Problem ▸ Pictures excluded, copy word for word the lines from the one holding "the superstructure of" through the last line below.

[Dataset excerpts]
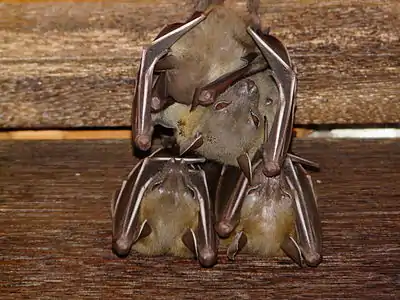 - ↑ Simmons, N.B. (2005). "Order Chiroptera". In Wilson, D.E.; Reeder, D.M (eds.). Mammal Species of the World: A Taxonomic and Geographic Reference (3rd ed.). Johns Hopkins University Press. p. 316. ISBN 978-0-8018-8221-0. OCLC 62265494.
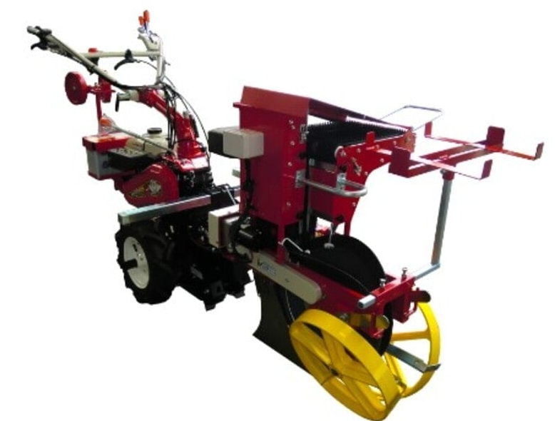 6.3馬力の高出力エンジン搭載。高いけん引力と低速走行時のトルクアップを実現。軽量で、土が付着しにくい樹脂の特性を活かした大きな鎮圧ローラーで苗の定植時にしっかり鎮圧。
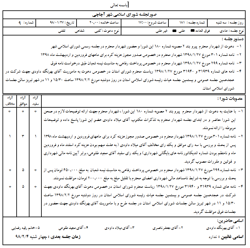 مصوبات جلسه شماره ۱۸۱ سه شنبه به تاریخ ۱۳۹۸/۰۱/۲۷شورای اسلامی اسلامی شهر آچاچی:
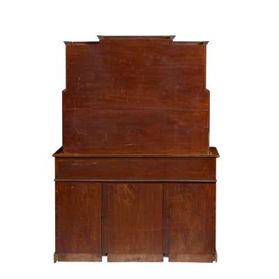 the superstructure of breakfront outline with an arrangement of short drawers and cupboards; on a base with a red leather writing surface above three slides and short drawers and a central kneehole cupboard flanked by further cupboards, on a plinth base with castors
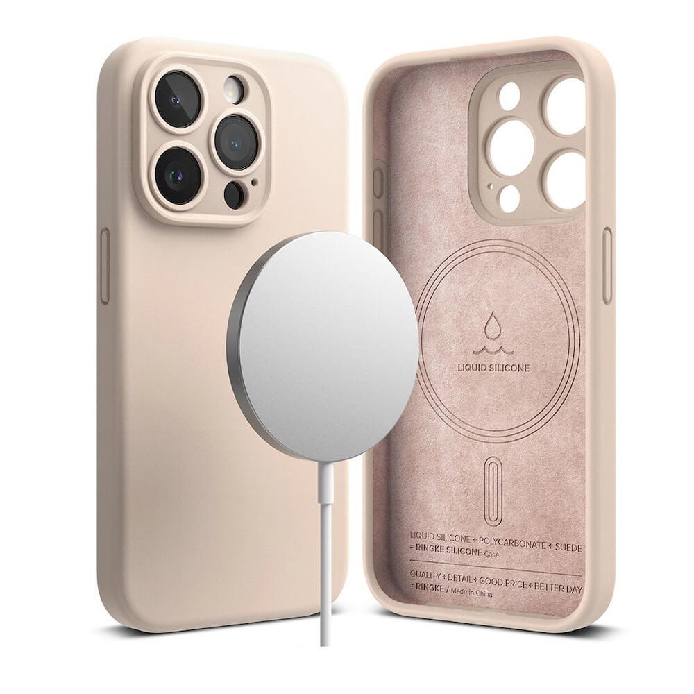 Ringke Liquid Silicone Magnetic Case - силиконов (TPU) калъф с MagSafe за iPhone 15 Pro (розов)
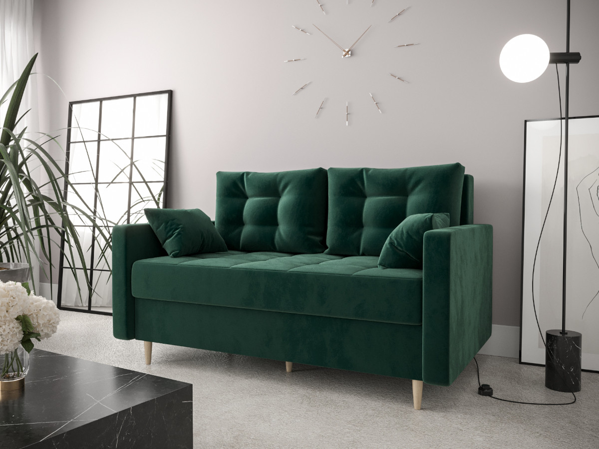 Dwuosobowa Kanapa 155 CM Mała Sofa Rozkładana Z Pojemnikiem + Sprężyny Bonell Pianka T30 + Wybór Kolorów TEMPE
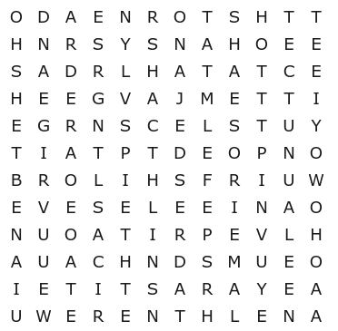 A seguir, veremos se é capaz de localizar a palavra “torneado” no caça-palavras em apenas alguns segundos. Observe bem no quadro abaixo:
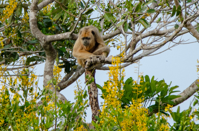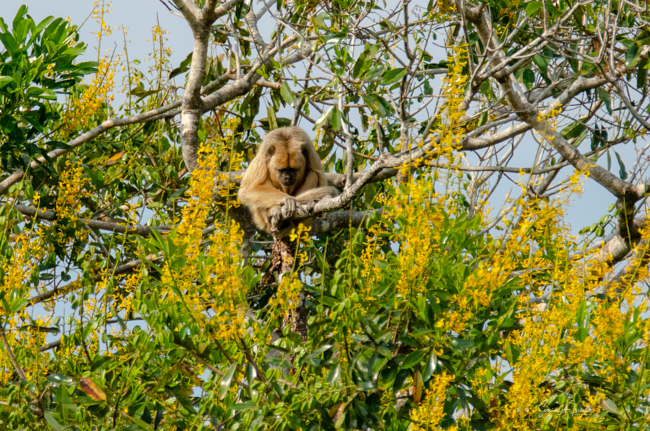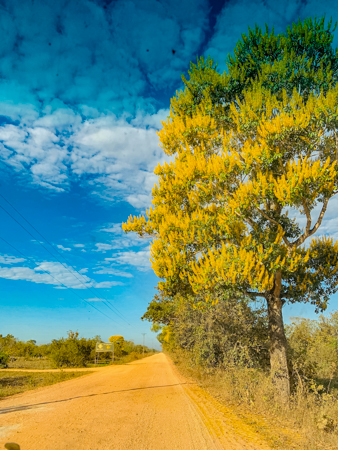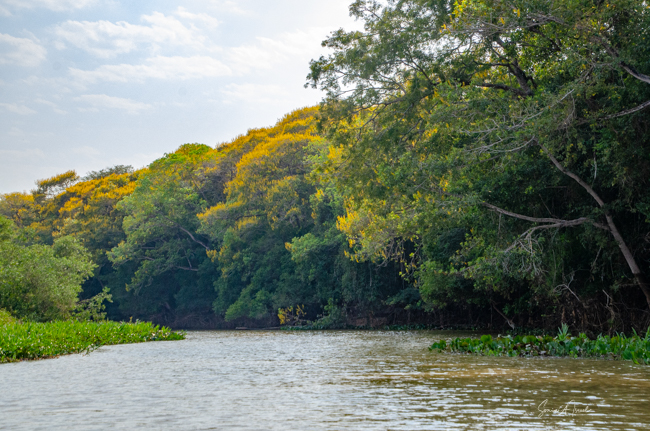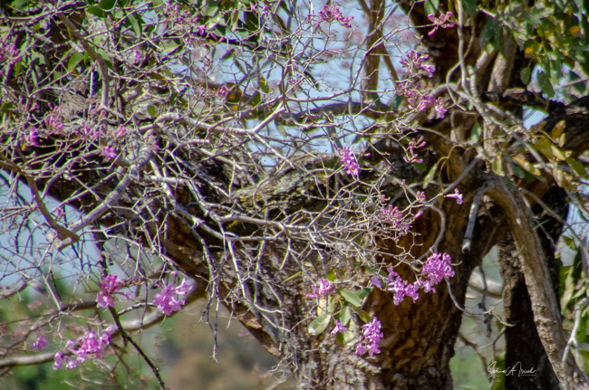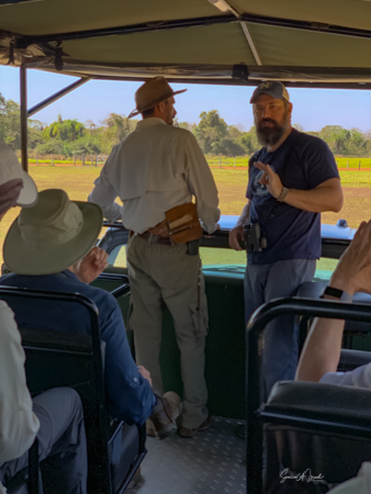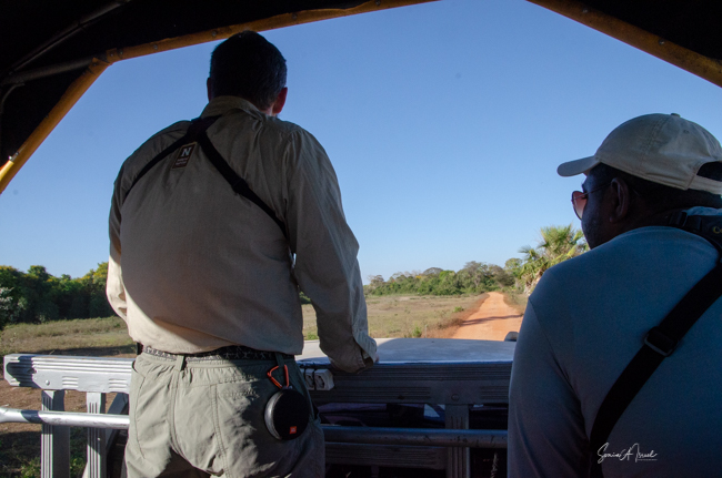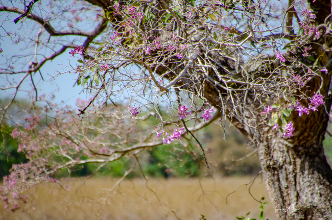 Once I had settled in, we were off for a four-hour afternoon drive in an open-air safari truck, mostly still on the grounds of the Araras Pantanal Eco Lodge. We entered an area that was quite reminiscent of Africa, with savanna grass, acacia trees, and jacaranda trees that sadly were not yet in bloom. But there were still lots of blooming candelabra trees.

Response to the exercise ▸
 the superstructure of breakfront outline with an arrangement of short drawers and cupboards; on a base with a red leather writing surface above three slides and short drawers and a central kneehole cupboard flanked by further cupboards, on a plinth base with castors
 Ringke Liquid Silicone Magnetic Case - силиконов (TPU) калъф с MagSafe за iPhone 15 Pro (розов)
 Dwuosobowa Kanapa 155 CM Mała Sofa Rozkładana Z Pojemnikiem + Sprężyny Bonell Pianka T30 + Wybór Kolorów TEMPE
 A seguir, veremos se é capaz de localizar a palavra “torneado” no caça-palavras em apenas alguns segundos. Observe bem no quadro abaixo:
 Once I had settled in, we were off for a four-hour afternoon drive in an open-air safari truck, mostly still on the grounds of the Araras Pantanal Eco Lodge. We entered an area that was quite reminiscent of Africa, with savanna grass, acacia trees, and jacaranda trees that sadly were not yet in bloom. But there were still lots of blooming candelabra trees.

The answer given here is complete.